My SPF record looks correct but the check is failing

The most common cause is exceeding the 10-lookup limit. Use a tool like dmarcian's SPF Surveyor to count your lookups. Flattening your SPF record (replacing include: with explicit IP addresses) resolves this.

My domain is listed on a blacklist — what do I do?

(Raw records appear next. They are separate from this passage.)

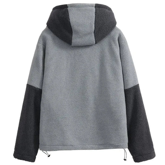 Hip Hop Fleece Fluffy Hooded Jacket Streetwear Harajuku Fuzzy Plush Patchwork Zipper Thick Warm Coats Fashion Loose Jacket
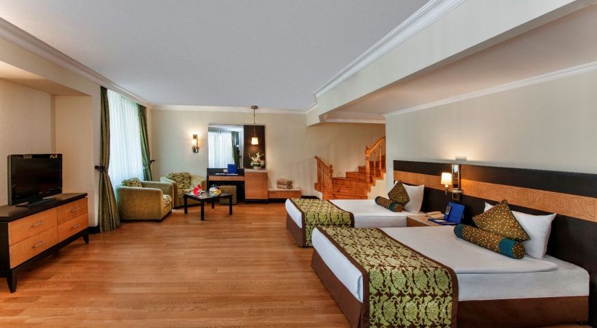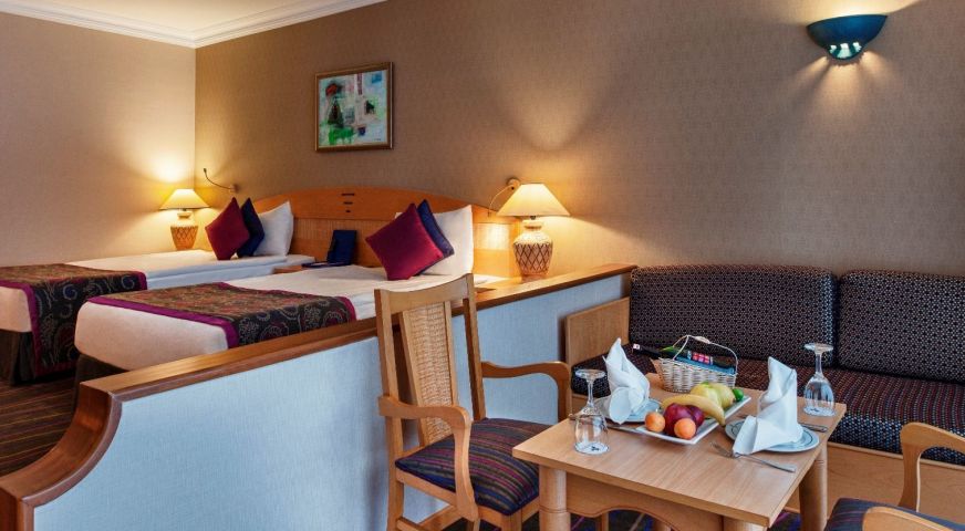 Всяка стая е оборудвана с климатизация, сателитна телевизия, минибар, телефон, сейф, сешоар, халат и чехли. Стаите са с балкон/тераса.
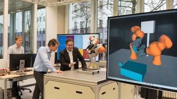 西門子——西門子中央研究院近日在慕尼黑演示了雙臂機(jī)器人的一部分,借助人工智能的高度自動(dòng)化,該機(jī)器人無(wú)需編程即可自主分工協(xié)作,用于產(chǎn)品制造。西門子中央研究院Kai Wurm博士表示,“我們只需告訴機(jī)器人,把某個(gè)部件安裝到導(dǎo)軌上,它就會(huì)執(zhí)行這個(gè)操作。”作為一個(gè)簡(jiǎn)化的例子,這項(xiàng)任務(wù)描述了“單件定制化生產(chǎn)”的內(nèi)涵。其中涉及加工或組裝含有不同部件的多樣化產(chǎn)品。機(jī)器人從關(guān)聯(lián)的軟件模型中獲取制造產(chǎn)品的相關(guān)信息。傳統(tǒng)的機(jī)器人無(wú)法理解這種CAD/CAM(計(jì)算機(jī)輔助設(shè)計(jì)和制造)模型,但新的機(jī)器人原型可以做到。從某種意義上說(shuō),這就好像機(jī)器人能夠理解不同的語(yǔ)言,從而不必對(duì)其運(yùn)動(dòng)和工藝進(jìn)行編程。
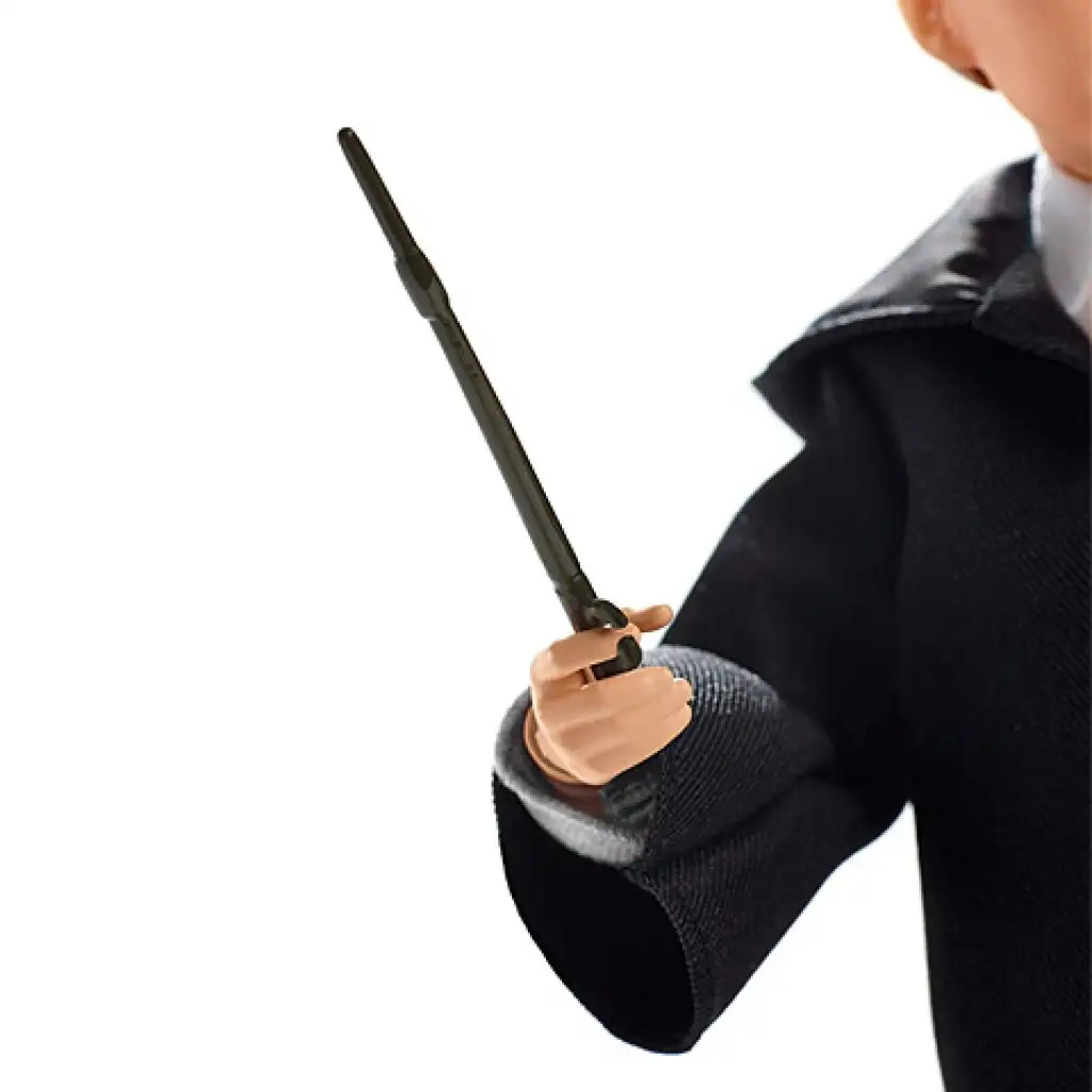 A Weasley-család legifjabb fiú tagja Ron, a vörös és kissé ügyetlen varázslótanonc, aki már az első Roxfortba tartó útján barátságot köt Harry-vel és Hermionéval. A három jóbarát innentől kezdve minden évben izgalmas kalandokba keveredik, melyet nyomon követhetsz akár a Harry Potter és a Titkok Kamrája filmben is. A Ron baba élethű kialakítású, a Griffendél színeivel dekorált egyenruhájában és talárral érkezik hozzád. Használd a varázspálcát is, amit könnyedén a Ron figura kezébe illeszthetsz.
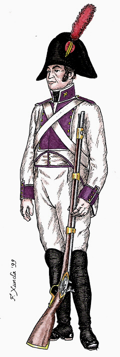Infanteria de Línia. Fuseller del Regiment de Zamora. Dibuix de Fèlix Xunclà. Basat en "Uniformes Militares Españoles. El Ejército y la Armada en 1808", de José Maria Bueno, Málaga, 1982.
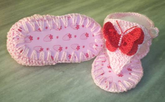 O EVA rosa com bolinhas marrom foi usado para fazer a sandália
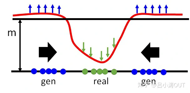 我们希望对于真实样本的重建误差小,同时希望由生成器生成的图片的能量小。那么D的损失函数中要最小化 -D(G(z)),就是最大化D(G(z)), 也就是要抬高下图中的蓝色点对应的曲线,但是如果没有margin的约束,可以无限制的抬高,所以我们需要一个m,即margin,就是当抬高到m这个距离后就没有惩罚了,所以此时loss就将不再忙着抬高,而是去将real对应的曲线也即D(x)拉小。generator做的事情就很好理解了,因为real对应的energy是小的,所以希望生成的图片的energy也是小的。

  1. Identify which list(s) from the report
  2. Visit the block list's website and use their lookup tool to confirm
  3. Follow their delisting process (most have a web form)
  4. Monitor your listing status — some de-listings take 24–48 hours to propagate

Why does my health score differ from yesterday?

Scores change when any check result changes — a new listing, an expiring certificate moving into a warning threshold, or a DNS record update. Check the History tab to see exactly which check changed and when.